- Starting too late
- Paying high fees
- Investing Emotionally
- Using a one-size-fits-all plan
- Not taking taxes into consideration
- Overly Risky Investing
► Starting Too Late
The time to start is now. The power of compound interest is astounding – the earlier you take advantage the more it will work for you. If you start out earlier, you can start with less, invest less and still end up making more than if you started out later.
► Paying High Fees
Broker’s commissions can negate all of the hard-earned interest that you have accumulated. Don’t let this happen to you – pay attention to what you are being charged. The more you pay, the less you keep.
► Investing Emotionally
Successful investing consists of planning and reason. Once emotion gets involved, it can ruin all of the planning and reason that you had used to construct your investment strategy.
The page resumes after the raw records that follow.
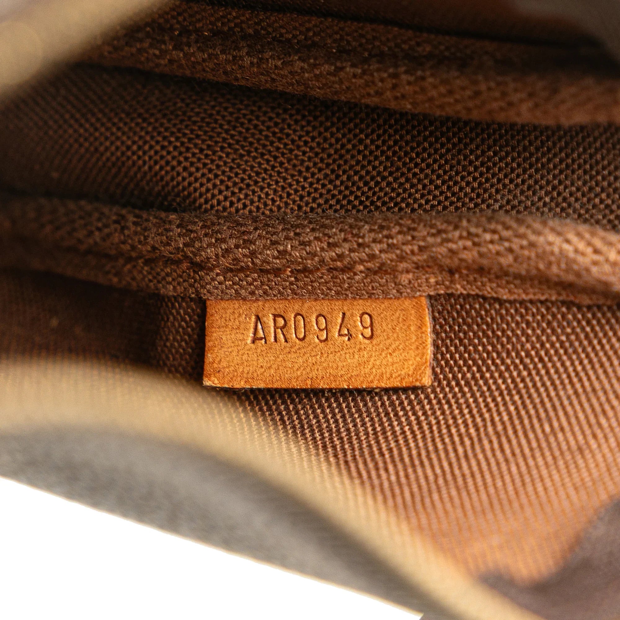 Product Details: Brown Louis Vuitton Monogram Pochette Accessoires Shoulder Bag. The Pochette Accessoires features a monogram canvas body, a flat vachetta leather handle, and a top zip closure. 5.1" L x 8.3" W x 1.2" D. Serial number AR0949.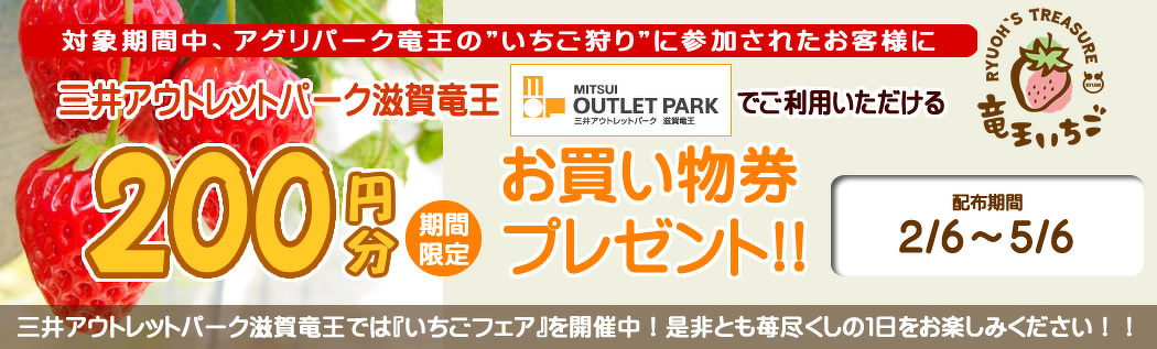 当HPより、いちご狩りをご予約のお客様に三井アウトレットパーク滋賀竜王で使えるお買物・お食事券200円分(引換券)プレゼント!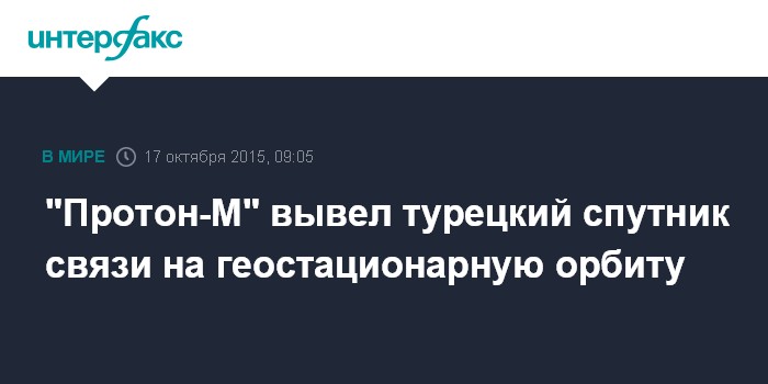 Москва. 17 октября. INTERFAX.RU - Пуск ракеты-носителя "Протон-М" завершился успешным выведением спутника связи TurkSat-4B на геостационарную орбиту, сообщил "Интерфаксу" представитель Роскомоса.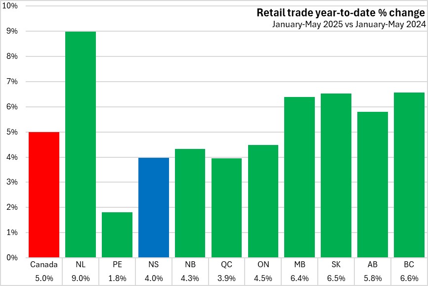 Nova Scotia retail trade increased 4.0% year-to-date compared to the same period last year. Nationally, retail trade was up 5.0% year-to-date. All provinces reported year-to-date increases in retail trade, led by Newfoundland and Labrador. Prince Edward Island reported the slowest growth.

Keep using the strategies that have consistently made people rich over the years, don’t look to follow the new and exciting strategies that haven’t yet stood the test of time.
► Using a One-Size-Fits-All Plan
Your individual needs should trump any ideas of blindly following any plan. Keep an account of how much risk you are willing to take, and what your time frame is. Your portfolio should match your needs.
► Not Taking Taxes Into Consideration
The net profits from stocks are taxable as capital gains. Being in a tax-deferred investment account will stop this from eating away at your savings.
Being extremely risky can pay off big time, but it can also leave you with a diminished nest egg it you gamble wrong. There are many great investments that offer decent returns without putting your funds in excessive danger.